Мы молчали. Лариска сжала губы.
— И что с ним стало? — спросила я.
— Лечился. Психотерапевт, таблетки. Жена сначала не понимала, орала. Потом… потом перестала орать. Потому что увидела, что он не притворяется. И знаешь, что он мне потом сказал? — Зоя усмехнулась, но грустно. — «Самое унизительное было не то, что я слабый. А то, что мне пришлось просить помощи».
Лариска подняла голову:
— Просить?
— Да. От начальника — чтобы не увольняли. От жены — чтобы она не уходила. От меня — чтобы я просто иногда писала: “Ты как?”. Он говорил: “Я раньше думал, что просить — это для нищих. А оказалось… иногда человек стоит на своей станции и не знает, куда идти”. Понимаете?

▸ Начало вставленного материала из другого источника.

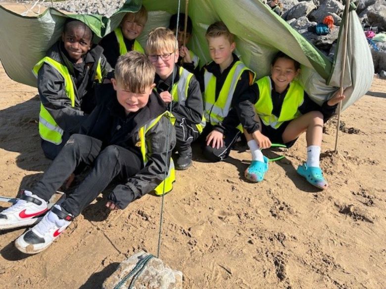 Year 4 had the perfect weather for their first outing to Beach School this half term. The children’s first challenge was to flip the piece of Tarpaulin that they were standing on the other way around without stepping off of it! The pictures show who the “last men standing” were.

Я неожиданно почувствовала, как у меня внутри что-то шевельнулось, как будто кто-то рукой провёл по старой ране.
Лариска тихо сказала:
— Станция…
— Ага, — Зоя кивнула. — Как будто отстал от поезда жизни. И стоишь. И у тебя нет ни билета, ни денег, ни сил. А вокруг — люди, которые спешат.
Лариска молчала. Потом вдруг спросила:
— И ты… ты тогда что сделала?
Зоя пожала плечами:
— Я сначала тоже умничала. Говорила: “Ну ты просто отвлекись, спортом займись”. А он мне: “Зоя, у меня сил зубы почистить нет”. И я замолчала. Просто стала иногда ему писать. А потом… он вернулся. Не прежний — тише стал. Но живой.
Лариска резко отодвинула чашку.
— Девочки, — сказала она, и голос у неё сломался, — а если Маша… если она… — она не договорила, но мы поняли.
Я взяла её за руку.
— Ты с ней говорила по-настоящему? — спросила я.
— Да как… — Лариска всхлипнула. — Она молчит. Или огрызается. А я сама… я тоже на нервах. Я с работы прихожу — и мне кажется, что она специально. Что она мстит. Что я… плохая мать.
Зоя быстро сказала:
— Ларис, ты не одна. Мы рядом.
И тут я вдруг вспомнила свою историю. Я не хотела говорить. Стыдно. Но если мы начали, то надо честно.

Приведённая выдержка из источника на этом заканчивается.